Hello and welcome to the November issue of Aphelion Webzine!
Some nights it's so dark the road seems t' swallow your
headlights like a hungry monster. You wind up leanin' up in your seat,
just t' see th' lines on the road better. Looks almost like th' whole
world ends just beyond th' edge of your vision. No moon, clouds
blottin' out th' stars, no streetlights or stores to break th' endless,
hungry night. That's what tonight was like. A starvin' monster, suckin'
up all the light in th' universe...
That's an example of dialog using a moderately-heavy accent to
convey a bit more information about your character to your reader.

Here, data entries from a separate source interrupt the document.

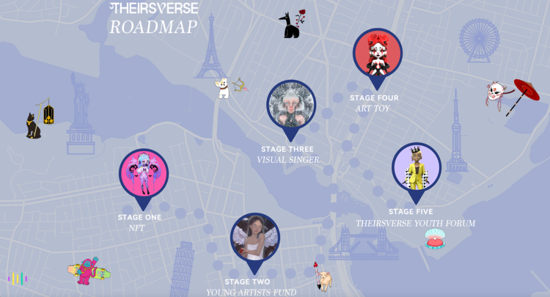 Theirsverse是一个由NFT、虚拟数字人、艺术玩具和元宇宙组成的多元Web3艺术平台,非常强调参与人群的多样性和包容性 。在这里,每个人都可以自由地表达自己,成为他们想成为的任何人。Theirsverse是在Opensea发行的5500 PFP NFT项目,以NFT的形式和艺术基因作为对全球社区成员的邀请函,邀请大家参与到一场艺术共创之旅,其完整的Roadmap也将随着时间的推移而逐渐呈现。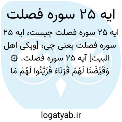 [ویکی اهل البیت] آیه 25 سوره فصلت. ۞ وَقَیَّضْنَا لَهُمْ قُرَنَاءَ فَزَیَّنُوا لَهُمْ مَا بَیْنَ أَیْدِیهِمْ وَمَا خَلْفَهُمْ وَحَقَّ عَلَیْهِمُ الْقَوْلُ فِی أُمَمٍ قَدْ خَلَتْ مِنْ قَبْلِهِمْ مِنَ الْجِنِّ وَالْإِنْسِ ۖ إِنَّهُمْ کَانُوا خَاسِرِینَ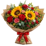 Mostre o quanto ela é especial com este lindo buquê, que une a alegria dos girassóis à intensidade das rosas vermelhas ou rosadas, criando uma composição romântica, vibrante e cheia de significado.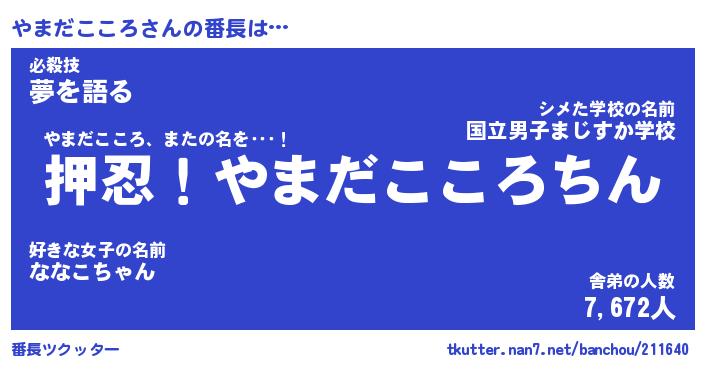 | 伝説のあだ名 | 『封印されしスナイパーやまだこころ』 |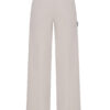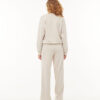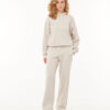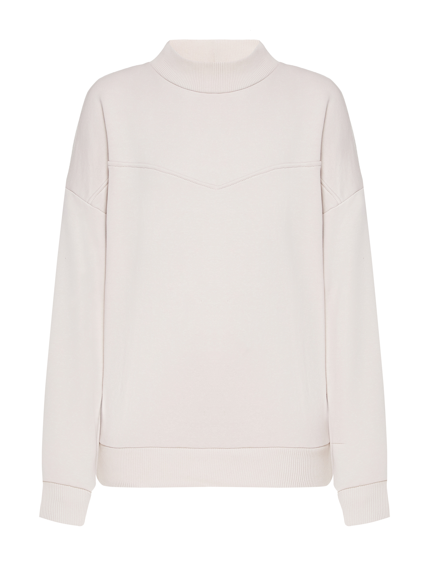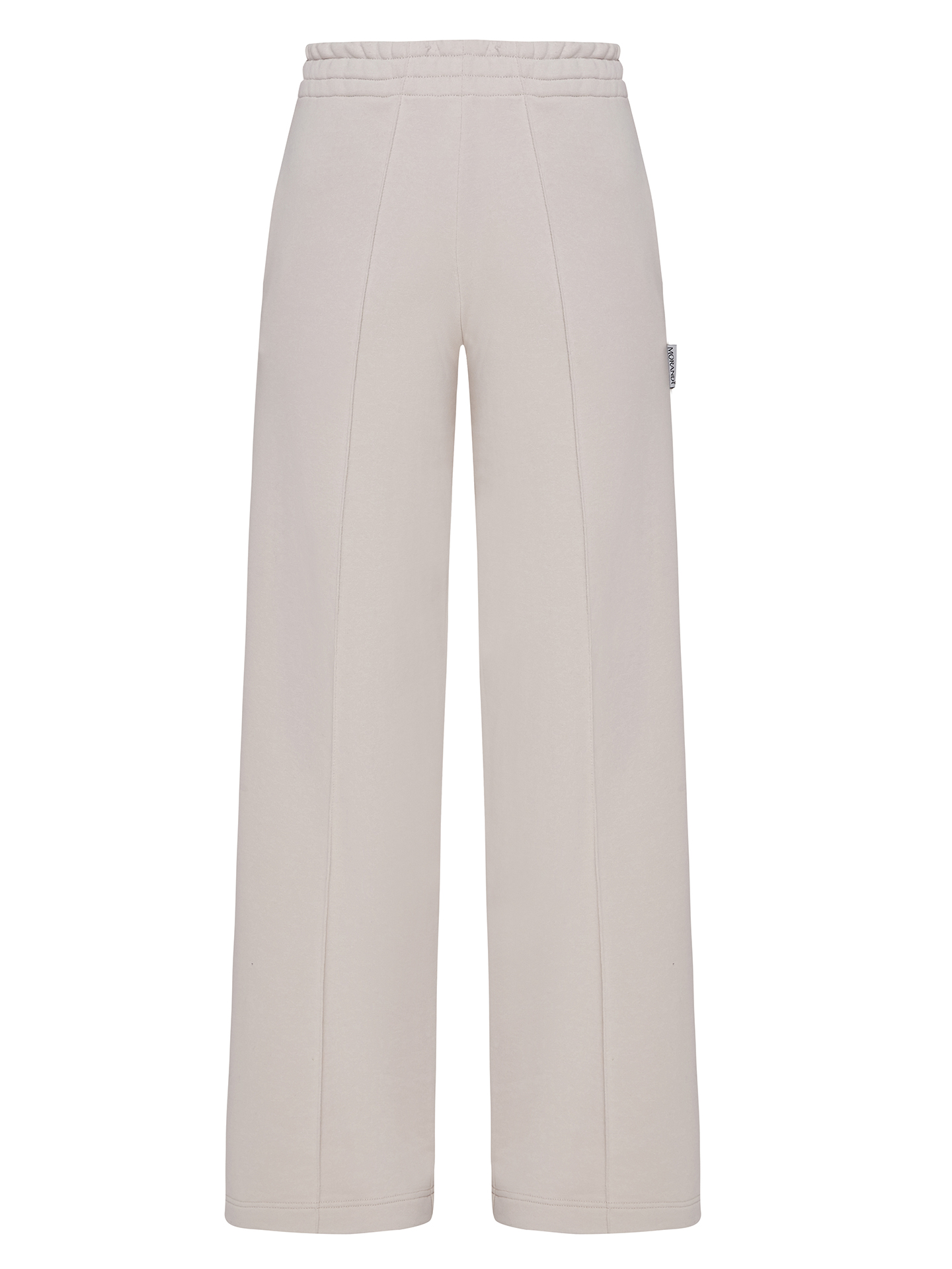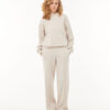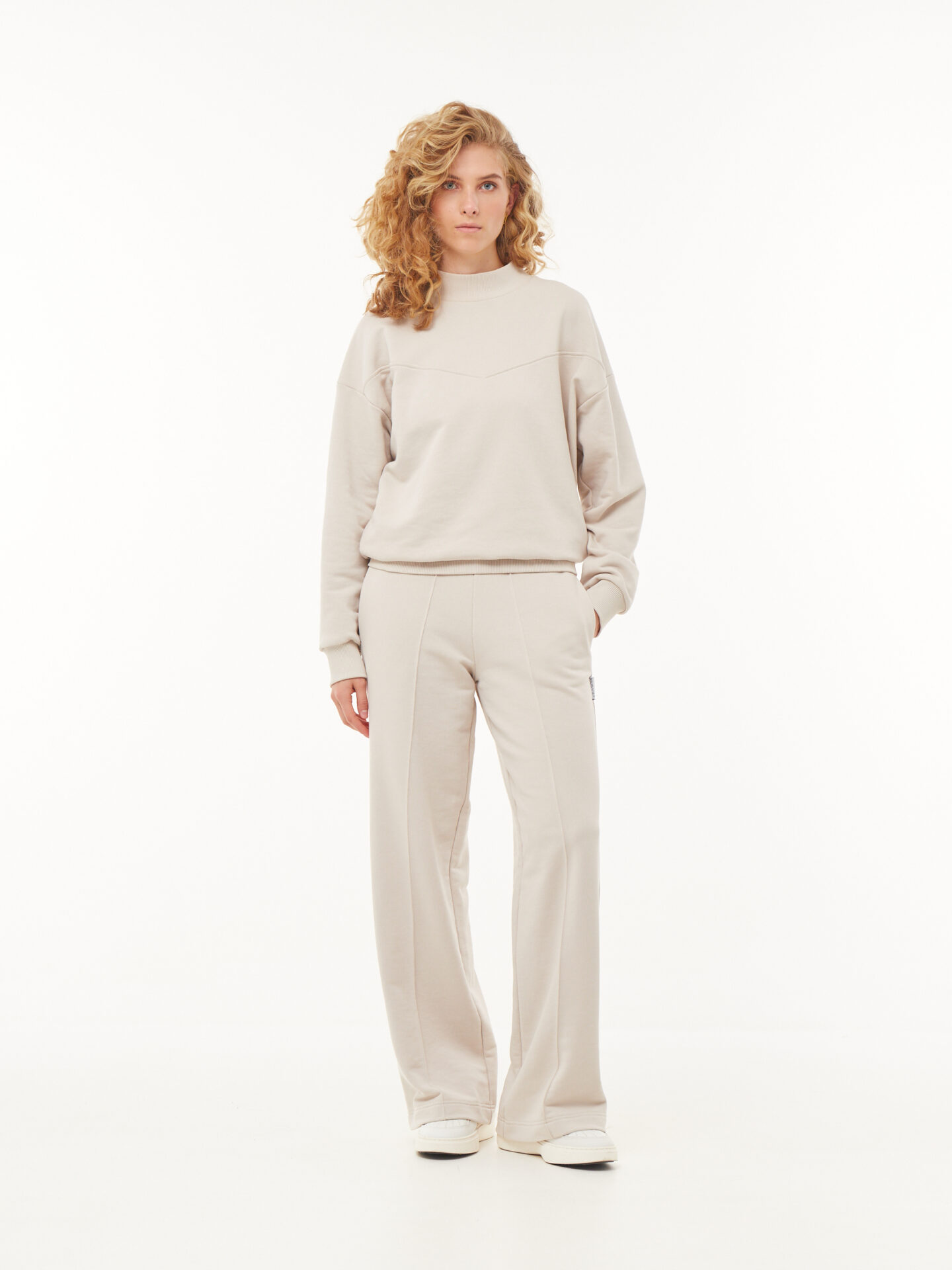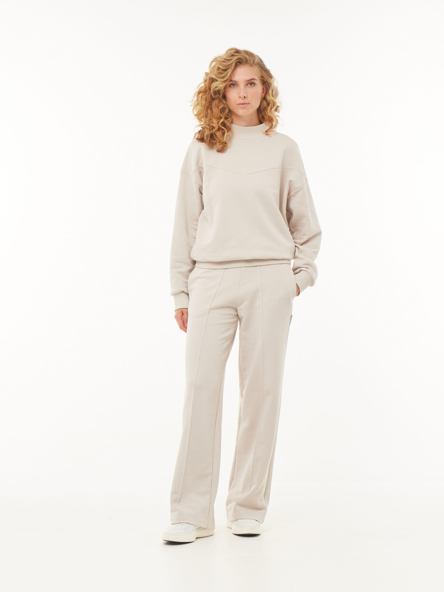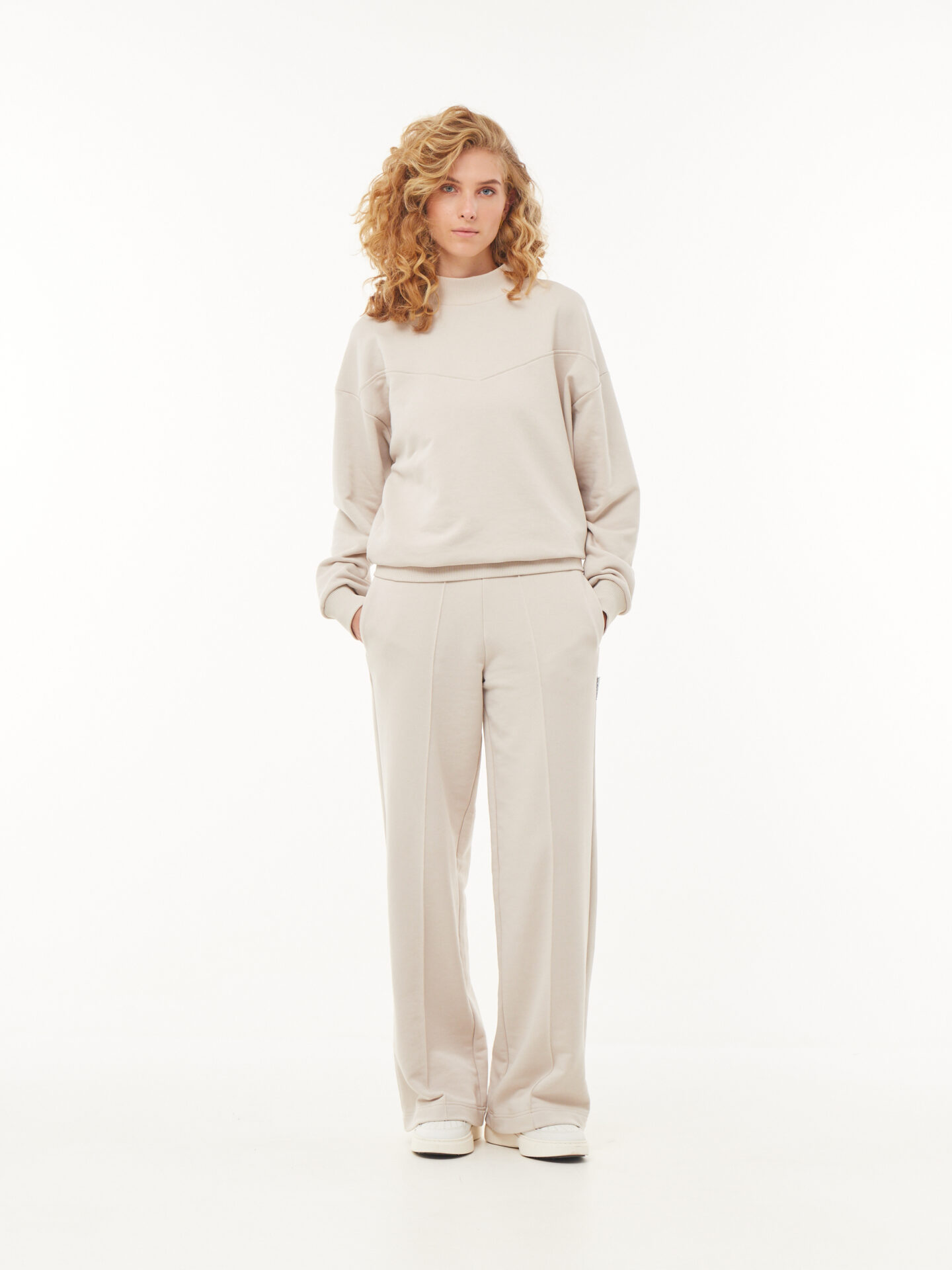 The knitted set consists of a sweatshirt and straight pants. Comfortable loose hooded sweatshirt with lowered shoulder line, cuffs and bottom with elastic band. Straight cut pants with decorative stitching on the front. Convenient side seam pockets and elastic waistband.

Somewhat better than an opening info-dump where you might simply tell
your reader that your character is from the Southern US. Probably
Texas, if the dropped final letters to some words is anything by which
to judge, but generally Southern, in any case. The thicker the accent,
the more apostrophes you'd have to employ. This is one of the trickier
tools in a writer's toolbox. It's easy to over-indulge in written
accents. You run the risk of losing your reader's attention as they
slow down their reading to puzzle out how the character's voice is
supposed to sound.
For best effect, your accented character should be played off
against one without an accent. That way the contrast between the two
stands out more clearly. You don't have to have another character to
play off against, though. You can have entire pages of dialog between
characters who all have accents, but your readers might get tired of
struggling through totally accurate phonetic reproduction of an accent.

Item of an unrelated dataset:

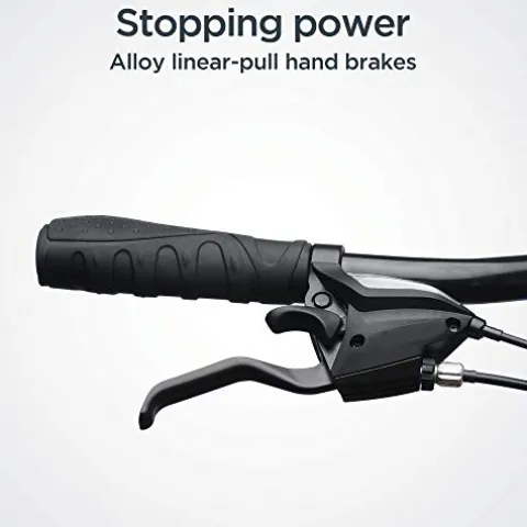 - Superior stopping power with alloy linear pull brakes, and strong and lightweight alloy rims

If you over-do the accent, you wind up giving your reader what amounts
to a foreign language to puzzle out. Anything that slows your reader
down is best used lightly and infrequently.
Other versions of writing in accents are to use misspelled words, or
malapropisms, or to leave out the spaces between some words as if the
characters are used to running those together into a single word.
Another version would drop words from a totally different language into
the dialog--French, Spanish, German, Yiddish, and so on. An accent can
be used to give your characters more--well, character
so to speak. When you get it right, the words just flow and the
character becomes more alive in your reader's minds. When you get it
wrong, you run the risk of a reader giving up in exasperation, never to
actually finish reading your story.
I suppose you could think of accents as if they were different
pigments on a painter's palette. Thick, heavy accents are oil paints.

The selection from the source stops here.